Roger Stone and WikiLeaks
Mr. Mueller’s indictment of the Trump adviser Roger Stone alleges that Mr. Stone worked throughout the summer of 2016 to get in touch with WikiLeaks and became aware of the organization’s plans to disclose hacked information. Mr. Cohen claimed in his testimony to Congress that he was in the room when Mr. Stone informed Mr. Trump that WikiLeaks was planning a “massive dump of emails that would damage Hillary Clinton’s campaign.”
Was Mr. Stone coordinating with the campaign in his efforts to get information from WikiLeaks? How much did Mr. Trump know about what Mr. Stone had found out? And who in the campaign, if anyone, might have been aware of separate efforts by the Republican operative Peter Smith to obtain additional Clinton emails from sources Mr. Smith believed were Russian hackers?
Flynn’s Promises to Moscow
The national security adviser Michael Flynn was fired just 24 days into his tenure over fallout from his transition-period contacts with the Russian ambassador at the time, Sergey Kislyak — a matter about which he later pleaded guilty to lying to federal investigators. When he promised Mr. Kislyak that Mr. Trump would lift sanctions on Russia imposed by the departing Obama administration, was Mr. Flynn freelancing or was he acting on the instructions of someone higher?
Russian Influence Operations
Almost every case that Mr. Mueller has filed has illuminated a different facet of what appears to be a systematic, long-running effort by the government of Russia to reach out to Mr. Trump’s world. It’s clear that the Kremlin was attempting to gain access and influence. Was it also out-and-out working to recruit agents within the Trump Organization and campaign?
On our side of the Atlantic, to what extent was that outreach welcomed and reciprocated by the Trump team, and to what extent was Mr.
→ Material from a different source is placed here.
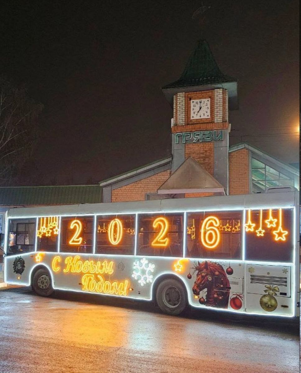 Это праздничный домик на колёсах. Внутри – уютный «камин», сверкающие гирлянды, светодиоды, Снегурка и даже свой олень. Звучит музыка, а за рулём – настоящий Дед Мороз. Диковинный автобус колесит по городским маршрутам, радуя грязинцев и гостей города и одаривая всех, особенно детей, новогодним настроением.

Trump a passive beneficiary? Did the Trump Organization and campaign understand and respond to those instances as manifestations of a systematic effort by the Russian government or as unrelated connections with unconnected Russians?
Obstruction of Justice
Mr. Mueller has also reportedly conducted an investigation into potential obstruction of justice by the president: possible interference with the special counsel’s efforts, and with the F.B.I.’s before that.
Mr. Barr, among others, has argued that action authorized by the Constitution — like dismissing the F.B.I. director — by definition cannot constitute obstruction. Will the report sidestep these tricky legal questions by showing efforts by Mr. Trump to derail the inquiry that fall plainly outside the scope of presidential authority? To what extent does the obstruction investigation overlap with the collusion investigation — meaning that the special counsel and the F.B.I. understood the president’s apparent efforts at obstruction as part of the troubling pattern of coordination with the Russian government that incited the investigation in the first place?
What proportion of the Mueller report becomes public will hinge on many factors: how much classified information and grand jury material shielded from public disclosure it has; how much of it is arguably protected by executive privilege; to what extent it details criminal conduct, and to what extent Mr. Barr may reasonably argue that the Justice Department has an interest in protecting the privacy of those who are innocent.
The Watergate “road map” first became available to the public in 2018, when a judge ordered it unsealed almost 45 years after it was handed over to Congress. The Starr Report, in contrast, was released within two days of its transmission to the legislature. With any luck, the time frame for release of the Mueller report will be closer to the latter than to the former.